Bacaan 3 Ketika Orang-orang Baik melakukan Hal-hal Buruk di Tempat Kerja Perilaku di Luar Kepala, Gangguan, dan Hambatan Pengecualian Moral dari Perilaku Etis dalam Pekerjaan Dennis J. Moberg Bagi kita yang peduli dengan perbuatan etis dan tidak hanya sekadar niat yang baik, permasalahannya sudah jelas. Kita harus mengidentifikasikan factor-faktor situasional yang menghalangi orang untuk melakukan yang terbaik dan mengeliminasinya kapanpun kita bisa. Masalah No. 1: Skrip Salah satu faktornya adalah yang disebut oleh para psikolog dengan sebutan skrip. Istilah ini merujuk kepada prosedur dalam menangani suatu situasi berdasarkan pengalaman. Masalah No. 2: Gangguan-gangguan Skrip adalah jalan pintas kognitif yang mengambil alih pemikiran yang cermat. Kecenderungan manusia yang serupa ini adalah perlakuan kita yang mengabaikan gangguan-gangguan.
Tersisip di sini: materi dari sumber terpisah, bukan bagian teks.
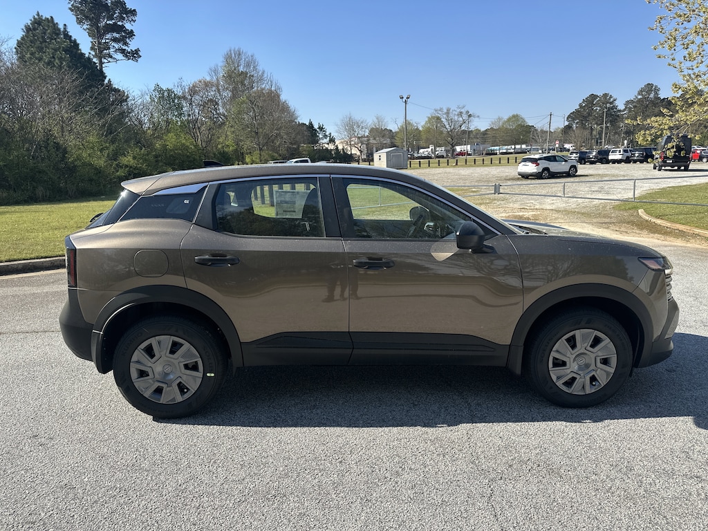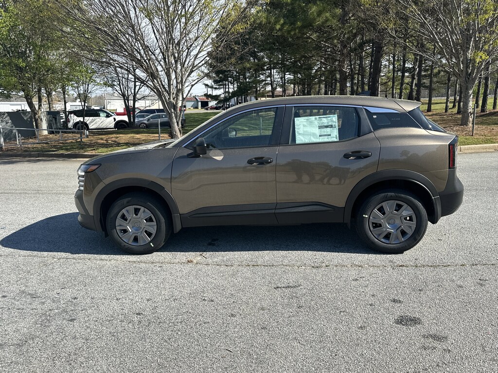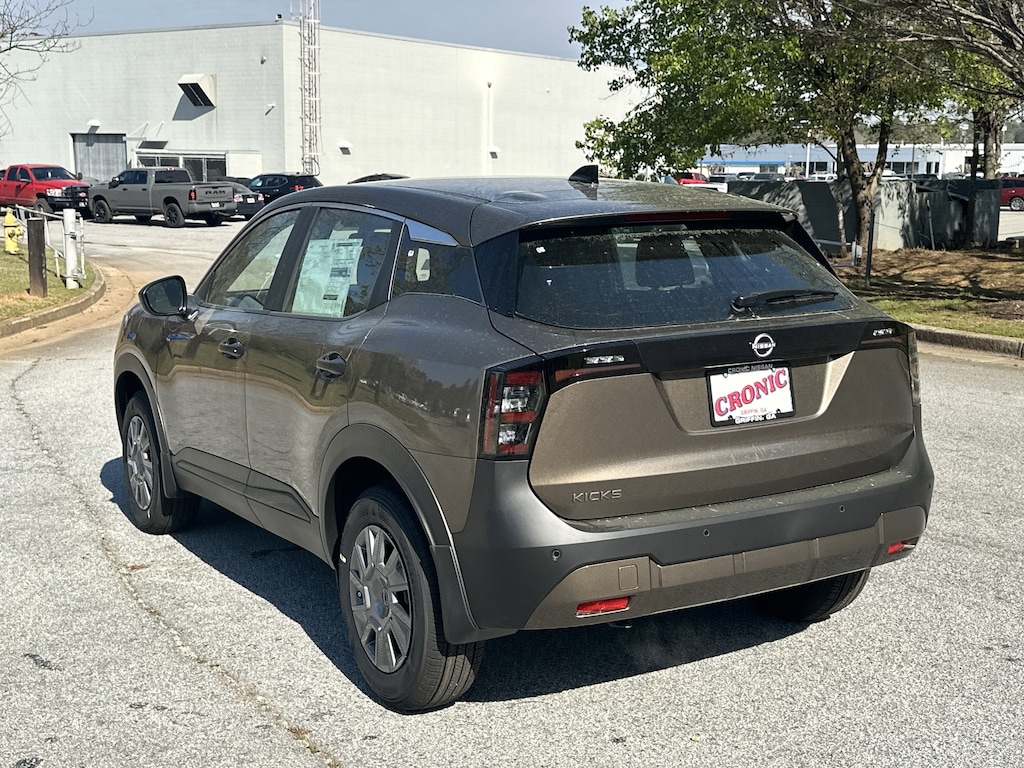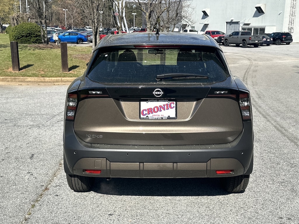 4 Speakers, 4-Wheel Disc Brakes, ABS brakes, Air Conditioning, AM/FM radio, Auto High-beam Headlights, Blind Spot Warning, Brake assist, Bumpers: body-color, Cloth Seat Trim, Driver door bin, Driver vanity mirror, Driver's Seat Mounted Armrest, Dual front impact airbags, Dual front side impact airbags, Electronic Stability Control, Emergency communication system, Exterior Parking Camera Rear, Front anti-roll bar, Front Bucket Seats, Front reading lights, Front wheel independent suspension, Fully automatic headlights, Illuminated entry, Knee airbag, Low tire pressure warning, NissanConnect featuring Apple CarPlay and Android Auto, Occupant sensing airbag, Outside temperature display, Overhead airbag, Panic alarm, Passenger door bin, Passenger vanity mirror, Power door mirrors, Power steering, Power windows, Radio data system, Radio: AM/FM/SiriusXM Audio System, Rear anti-roll bar, Rear reading lights, Rear side impact airbag, Rear window defroster, Rear window wiper, Remote keyless entry, Security system, Speed control, Speed-sensing steering, Split folding rear seat, Spoiler, Sport steering wheel, Steering wheel mounted audio controls, Tachometer, Telescoping steering wheel, Tilt steering wheel, Traction control, Trip computer, Variably intermittent wipers. New vehicle price includes all manufacturer and dealer incentives. Must finance with NMAC at standard rates to receive displayed price. Cash price may vary depending on NMAC and Dealer incentives. Not everyone qualifies for NMAC financing. Price in lieu of any special APR incentives cannot be combined with other offers unless specifically disclosed by the dealer. Prices do not include tax, tag, title or Georgia Lemon Law fees. Displayed prices include dealer doc fee and electronic filing fee. All pre-owned vehicles may also be subject to additional reconditioning and certification fees. Bronze Metallic 2026 Nissan Kicks S FWD 2.0L DOHC CVT with Xtronic

Masalah No. 3: Pengecualian Moral Masalah terakhir yang mengeluarkan kejelekan orang-orang yang baik adalah kecenderungan manusia untuk secara moral mengecualikan orang-orang tertentu. Sebagai contoh: selama masa perang ketika warga negara suatu negara memandang para musuhnya sebagai orang jahat. Kegagalan untuk Peduli Pengulangan, berbagai gangguan, dan kecenderungan alamiah kita untuk mengecualikan orang-orang yang tidak kita kenal menutupi pikiran kita dan mencegah ekspresi kebaikan kita.